All Articles

Differences between compilation types

What is a compiler?

A compiler (e.g. gcc, clang etc.) is defined as something that transforms code from one representation into another. It usually accomplishes this through various subtasks. A simplified stage analysis might look something like:

Frontend (lexing, parsing, performing semantic analysis...)
|
--> Generates an intermediate representation (IR)
|
Optimizations (remove dead code, common subexpression elimination...)
|
--> Also an IR
|
Code generation (scheduler, register allocator, machine assembly generator)

A quick example to see what is going on you can perform yourself before we continue is, take the following c code:

#include <stdio.h>
#include <stdlib.h>
#include <string.h>

int main (void)
{
	char h[] = "the quick brown fox jumps over the lazy dog";
	char *f = strstr(h, "fox");
	if (f) {
		printf("%s\n", f);
	}
	return 0;
}

You’ll need clang and llvm. Then compile this program as follows:

  1. clang -emit-llvm -S str.c -o str.ll - Examine the generated LLVM IR
  2. opt -O3 -S str.ll -o str.opt.ll - Examine the optimized code, note that it contains less lines than the str.ll file
  3. llc -O3 str.opt.ll -o str.s - Examine the machine assembly
  4. clang str.s - Finally create a binary

A contrived example - the same thing can be accomplished by simply writing clang -O3 str.c

This doesn’t just apply in the case of high level language to low level language, but also includes things like transforming PHP7.0 code to Opcodes etc.

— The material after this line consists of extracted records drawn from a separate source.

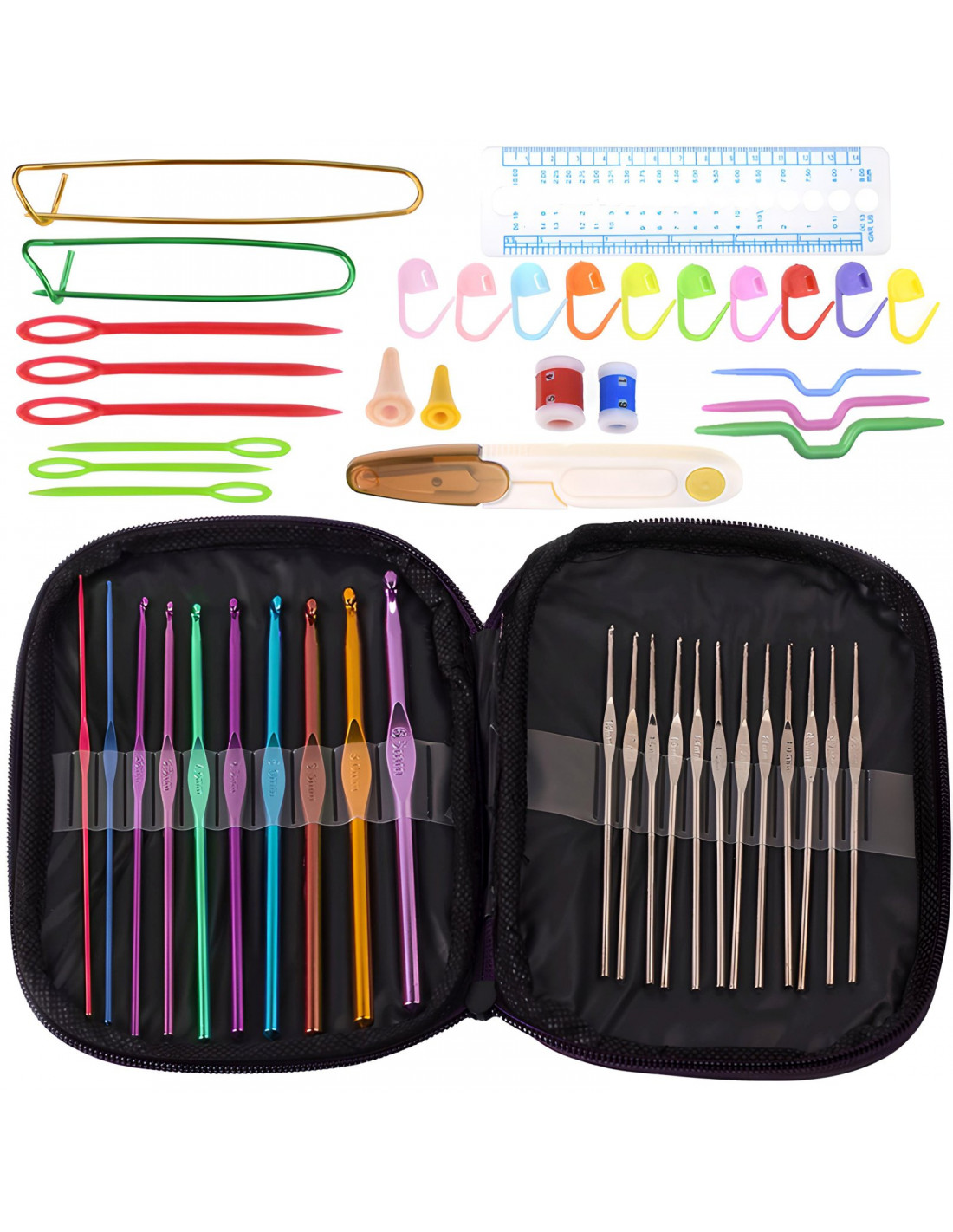 Pilnas nėrimo rinkinys pradedantiesiems ir pažengusiems naudotojams, kurį sudaro 50 dalių, įskaitant 22 įvairių dydžių nėrimo vąšelius. Viskas supakuota praktiškame eko odos dėkle patogiam laikymui ir transportavimui. Nėrimo vąšeliai, pagaminti iš lengvo aliuminio ir nerūdijančio plieno, užtikrina patogumą ir tikslumą. Ideali dovana arba praktiškas rinkinys kasdieniam naudojimui.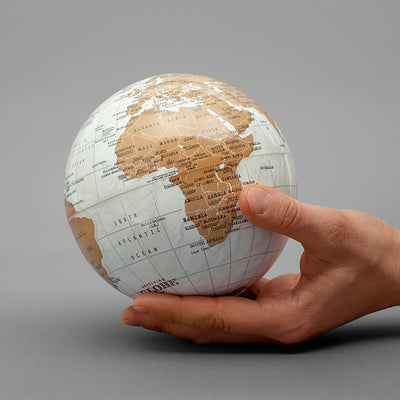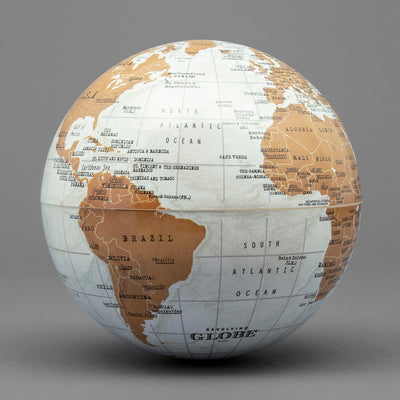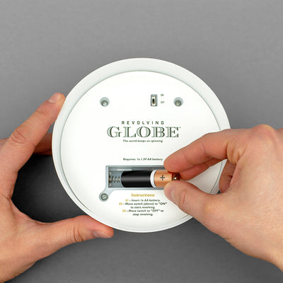 The Revolving Globe - Der rotierende Globus beweist eindrucksvoll, dass sich die Weltkugel definitiv dreht! Sobald Du eine AA-Batterie (nicht enthalten) einsetzt und den Schalter betätigst, dreht sich der kleine Globus für bis zu 30 Tage am Stück! Mit einer Geschwindigkeit von 14 Sekunden pro Umdrehung ist er zwar vergleichsweise schnell unterwegs, dafür schläfst Du beim Zusehen aber auch nicht ein. ;)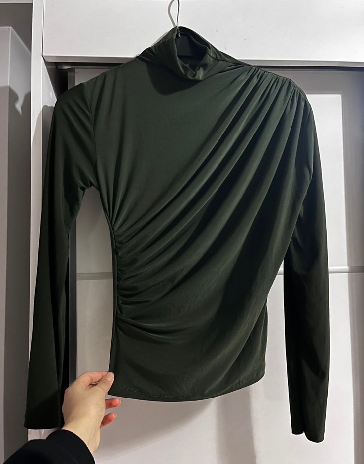 Drapeli, yüksek yakalı, dar kesim haki yeşil kadın bluz. Uzun kollu, normal midi boyda, sokak modasına uygun günlük kullanıma uygun.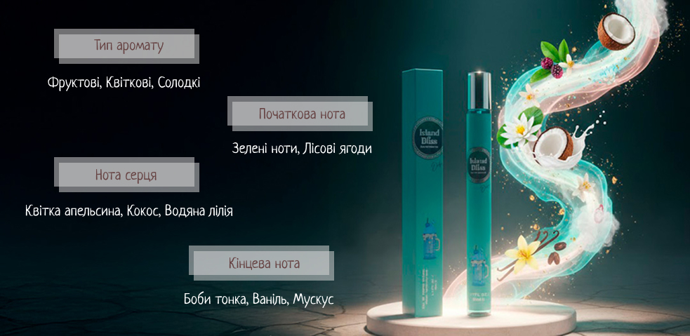 Аромат відкривається ігристими нотами соковитих фруктів, що дарують миттєвий заряд енергії та позитиву. Ви відчуєте солодкість стиглого манго та свіжість цитрусових, які створюють навколо вас ауру літнього свята. Цей старт звучить дуже природно та апетитно, привертаючи увагу оточуючих своєю невимушеною життєрадісністю. Фруктова свіжість Island Bliss ідеально підходить для спекотних днів, роблячи ваш образ легким і водночас привабливим.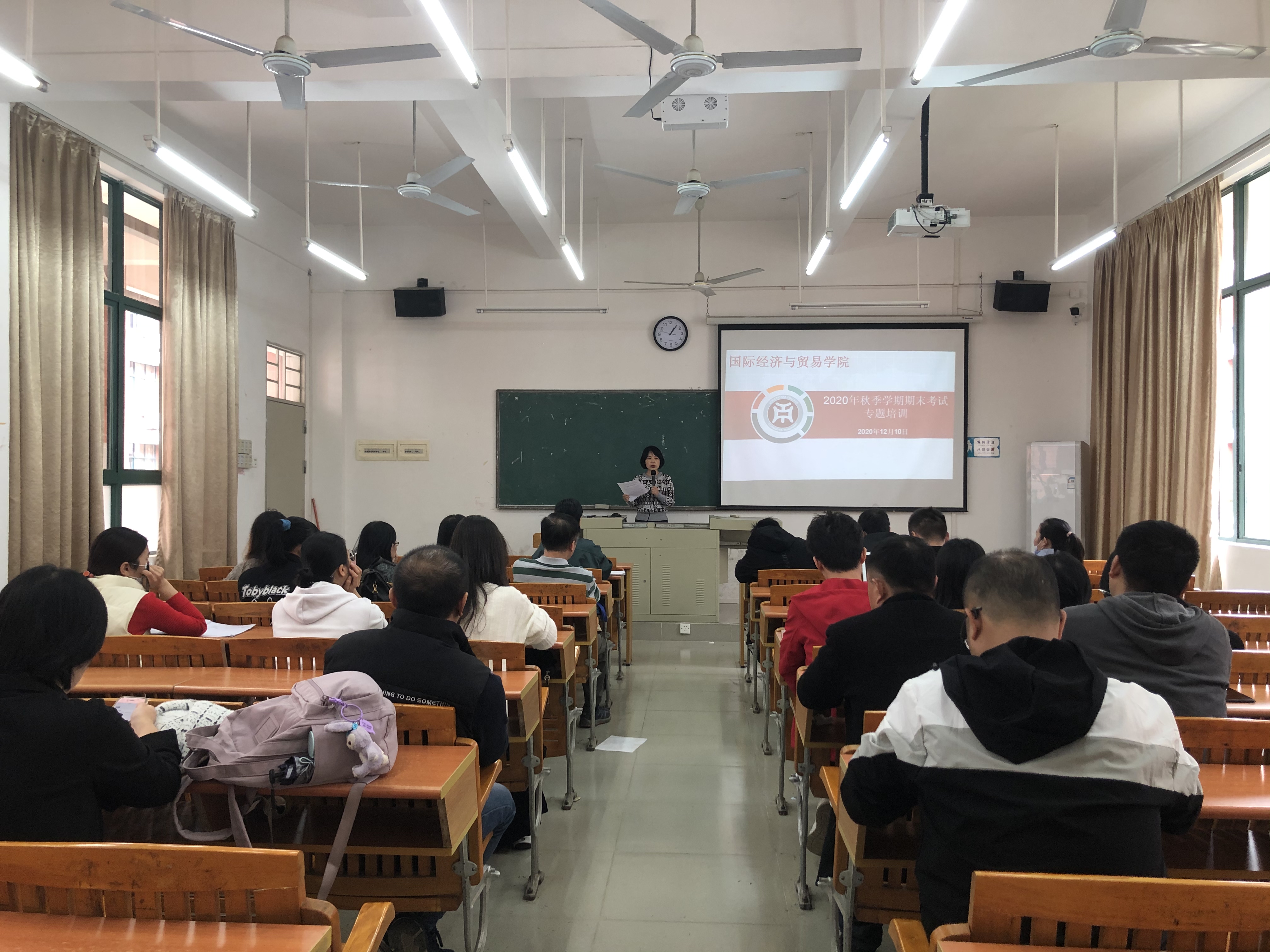 2020年12月10日中午1点,国际经济与贸易学院2020年秋季学期期末考试专题培训会在博学楼B202开展,参加培训的人员有沙园松副院长、张丽菠副院长、全体专任教师和辅导员。期末考试专题培训会的开展为即将到来的2020年度期末考试提前做出了安排和准备。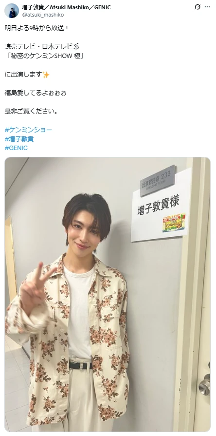 俳優の増子敦貴が、ケンミンショーへの出演を報告し、地元への愛を叫んだ。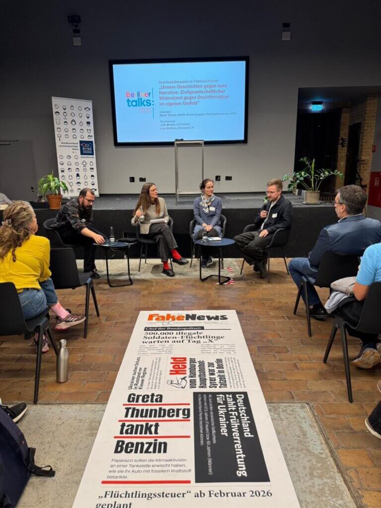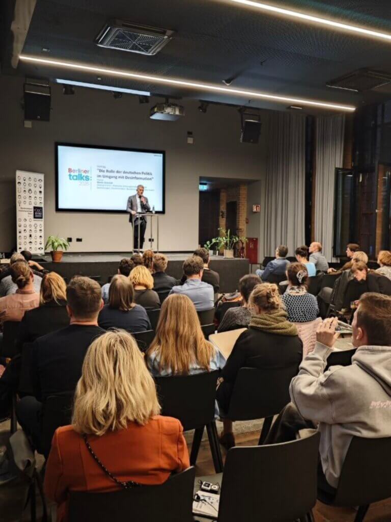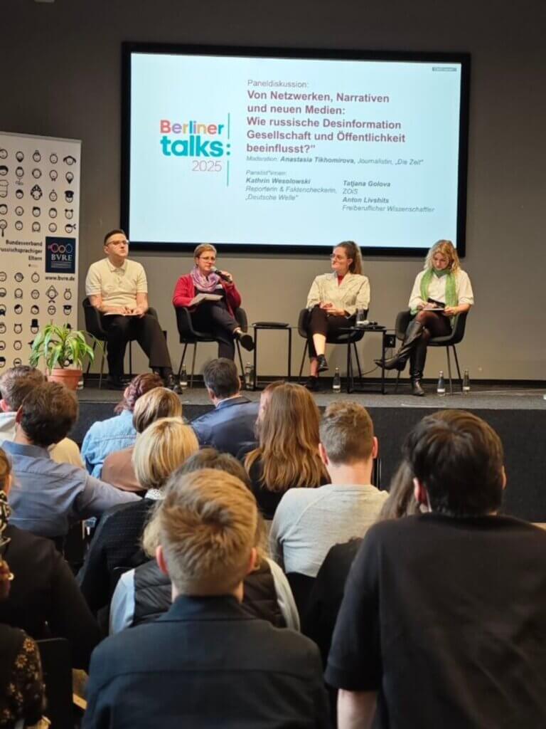 15 октября 2025 года в Берлине состоялась профессиональная конференция Berliner Talks 2025 «Демократия под давлением: Стратегии против российской дезинформации в Германии». В мероприятии приняли участие около 80 экспертов из научной среды, политики и гражданского общества. Вместе они обсуждали стратегии противодействия российской дезинформации, которая целенаправленно подрывает демократические дебаты и углубляет раскол в обществе. В обсуждении этой важной темы активно участвовала управляющая директор клуба «Диалог» Наталья Рёслер.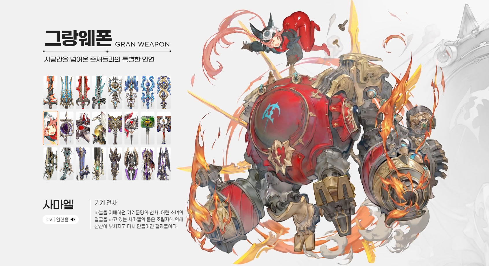 불속성 SSR 변신 그랑웨폰은 이미 잉그리드를 소개했지만 잉그리드는 근접 캐릭터의 변신 그랑웨폰이고 사마엘은 원거리 캐릭터의 변신 그랑웨폰이다
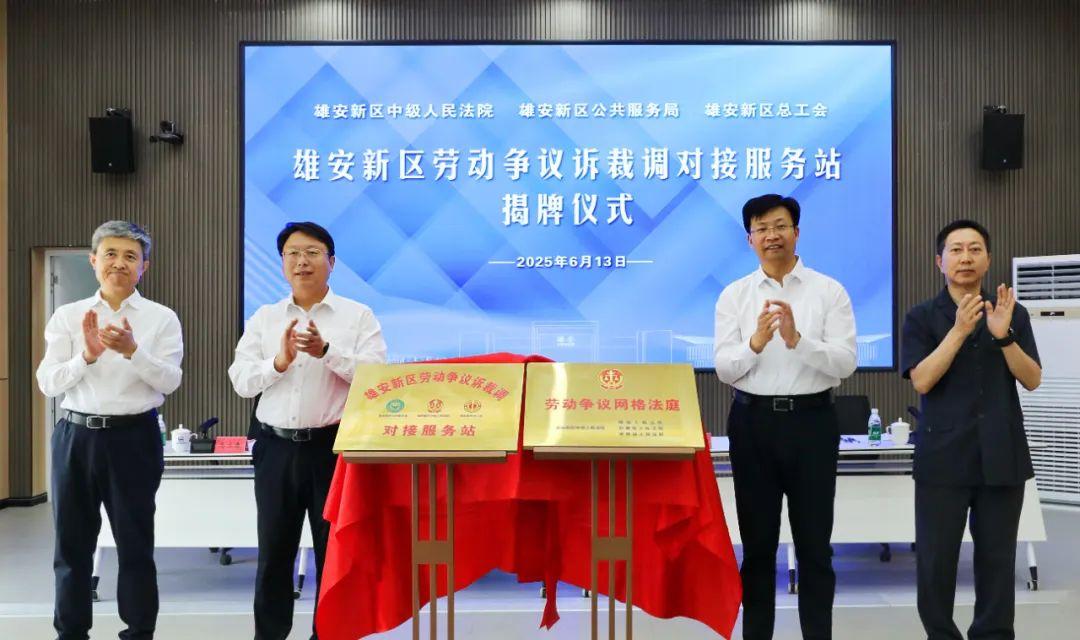 為進一步深化協(xié)作,推動勞動爭議多元化解工作提質(zhì)增效,提升雄安新區(qū)勞動者權益保護水平,6月13日,河北雄安新區(qū)中級人民法院、雄安新區(qū)公共服務局、雄安新區(qū)總工會聯(lián)合成立了雄安新區(qū)首批勞動爭議訴裁調(diào)對接服務站和首家勞動爭議網(wǎng)格法庭。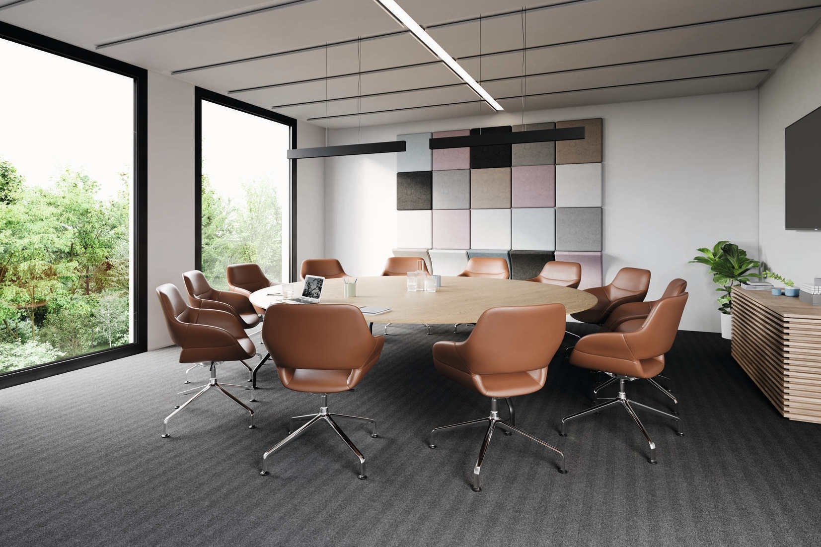 De vergaderstoel is standaard leverbaar in leer, en in zes verschillende stofgroepen waaronder de nieuwe stoffen Era en Crea, beiden met een 100.000 Martindale-waarde, zodat deze minder snel slijten en voor intensief gebruik toe te passen is.
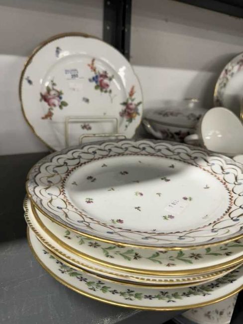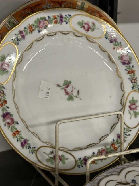 Late 18th/19th cent. Paris porcelain plates, including Dihl et Duerhard, Bordeaux, rue de Petit Carrousel, La Courtille, rue Thiroux, and Cligancourt, variously painted with flowers, cornflower sprigs, scattered blooms and formal borders, and a Coalport plate painted in the French style. Damages. 10ins. Max. (9)
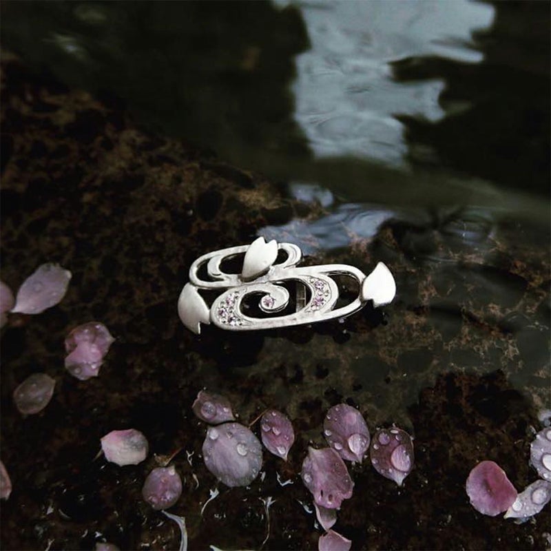 水面に舞い散る桜の花びらを、帯留めとして美しく表現。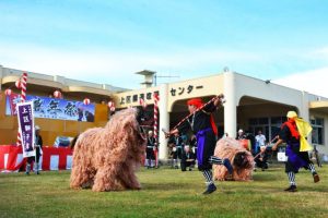 旧暦8月15日「十五夜」の29日、城辺の上区自治会(喜屋武則吉会長)、うるか自治会(砂川安功会長)で豊年祭がそれぞれ開催された。両自治会が五穀豊穣(ほうじょう)と集落の繁栄を願って勇壮な獅子舞を奉納した。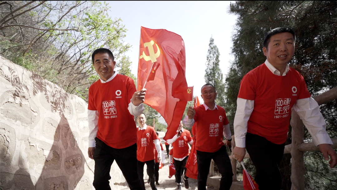 健跑活动结束后,在广场摆出100字样,并齐唱歌曲《没有共产党就没有新中国》,9名生产一线同志饱含深情的朗诵诗歌《党的礼赞》,向党的百年诞辰献礼。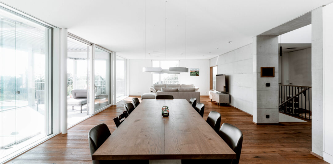 Discover the extra rustic “Vintage” floor made of European oak in an enchanting Swiss villa, where the masterpiece of European oak adds timeless elegance to the modern interior.

Types of code transformation

Interpreting

There are a ton of high level languages that use something called a Virtual Machine to interpret the high level representation of their code. PHP and Python are among these. The most popular of these you’ve probably heard about before is the JVM, which enables running Java (or things like Scala).

I won’t go much into interpreters since we’re mostly covering compilation in this post. However, the way it works is that the VM basically acts like a huge switch statement inside of a loop, and code is processed as such.

AOT Compilation

This section will talk about AOT (ahead of time) compilation and what it means. This is the most popular way to compile static languages today and covers languages such as Rust, Go etc.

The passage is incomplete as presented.